Earthen chatty is a clay pot. That is how Dr. Olswangner referred to Passover as “The Holiday of the Covered Pot” in “Travel Impressions,” his India travel diary notes published in 1936 in Hebrew by now-defunct Israeli publication Davar.

The Bene Israel remove all wheat and leaven from their homes, and similar to other Jewish communities, consume rice, legumes, and beans on Passover. “Biblical Rituals and Passover Traditions of the Bene Israel, India’s Largest Jewish Community,” published in Haaretz newspaper in 2016, explores further the community’s over 2000-year history in India and its unique Passover traditions.

By some accounts, the sour liquid, or the leaven, or both in the clay pot were then buried underground or nestled in coves in a mud wall outdoors.

Perhaps it was a pickle or a natural yeast starter in the pot?

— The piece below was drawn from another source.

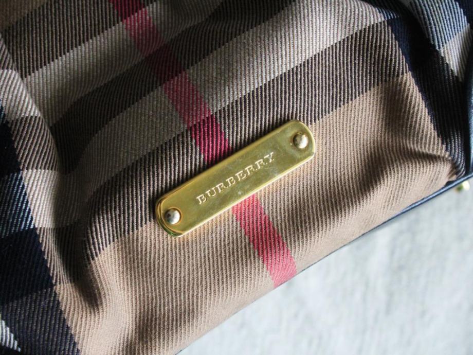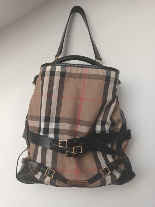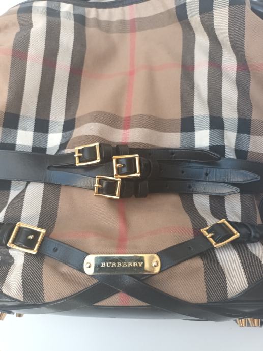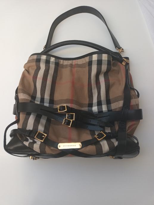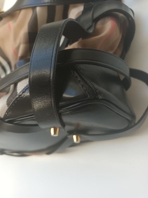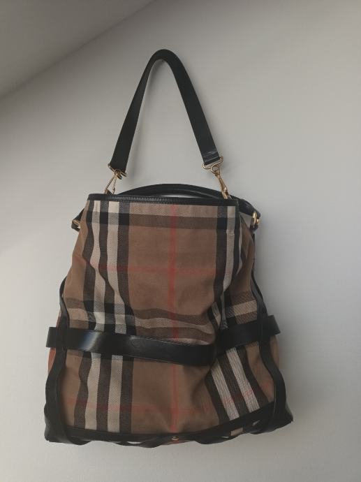 Burberry original dizajnerska torba koža u kombinaciji sa patentiranim Burberry canvasom što je durabilan materijal otporan na ogrebotine i vodonepropustan, iznutra prostrana, ima pretince i pregradu na cif te sa svake strane dva džepa, na dnu capice na kojima stoji kožno postolje, odvojivi remen za preko ramena i ručka za nošenje u ruci

Or a toddy used in making alcohol and sandan, an idli-like slightly sweetened, fermented, and steamed semolina, or a rice cake with coconut milk.

Indian clay pot

Indian clay pot Image by Yawar Nazir/Getty Images

In an email exchange Rabbi Romiel Daniel, a Bene Israeli, and the Rabbi at Rego Park Jewish Center, an Ashkenazi Conservative synagogue in Queens, NY, he stated that it was “a special clay pot for containing a sour liquid, a kind of yoghurt culture.” Noreen, the Rabbi’s wife, relayed that the pot with the yogurt culture was tied and suspended from the ceiling on the porch.

Yogurt was avoided by the Jewish communities across the globe due to fermentation until Kosher for Passover became available.

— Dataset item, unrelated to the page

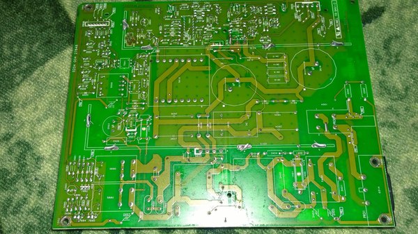 Далее выпаял диодный мост для проверки,оказался исправен,а вот силовой транзистор IRFPC60 имел короткое замыкание на всех трёх ножках. Заменил его на Toshiba TK09H90A,ситуация с предохранителем повторилась,транзистор выбило.

In an article “Don’t pass over a Persian Passover,” published in The Jerusalem Post in 2019, Jacqueline Super writes: “Persian Jews mark the end of Passover, known as Shab-e Sal, with a meal composed of dairy products featuring a variety of yogurt and herb dishes.”

Suppose the Bene Israelis had a similar tradition? Each family possibly kept any leaven they had in their homes in the clay pots. The yogurt culture was surely long expired at the end of the Passover. Its removal into the pot, in the first place, might have been a symbolic hametz removal ritual.

However, Kehimkar specifically wrote that it was a sour liquid used as a sauce.

The one sauce or sour condiment Indians use with many foods is a tamarind chutney. It is usually thinned out with water to extract its essence.

Another souring agent typical in the Konkani coastal cuisine in the villages south of Mumbai is kokum, similar to mangosteen, usually used in fish curries. A Konkani Hindu woman shared on Instagram that her mom combined kokum with sugar for sweet and sour syrup. It was “canned” in a clay pot or a glass jar for a month and used in sherbet and kept in the kitchen, out of the direct sun. It’s the Indian kombucha.

A sweet, salty, and sour tamarind soda is also an extremely popular refreshing beverage in the Konkan region, where seven Bene Israeli men and seven women first washed ashore after fleeing persecution in the Galilee just before the miracle of Chanukah.

Some scholarly works written in the 19th century, yet to be translated from the Marathi, might shed more light on this nearly extinct and, for the most part, forgotten tradition of the covered pot. Revisiting the small remaining Bene Israel community members in the villages south of Mumbai might also take the guesswork out if any are still practicing this ritual.

So what’s in the clay pot at the center of the Marathi word for Passover, sour chutney or yoghurt? Just when this anthropological detective work has hit a wall, I found a reference to the sour liquid in Shirley Berry Isenberg’s “India’s Bene Israel; A Comprehensive Inquiry and Sourcebook,” published in 1989.

In it, she wrote: “A special clay pot for containing a sour liquid a kind of yoghurt culture. The Bene Israel abstained from using this substance, as well as from using all other forms of leaven, during the eight days of this holiday.

The power of deduction pointed to the tamarind sauce, but the passage in Shirley Berry Isenbeg’s book supported Rabbi Daniel’s yogurt culture account. Mystery solved.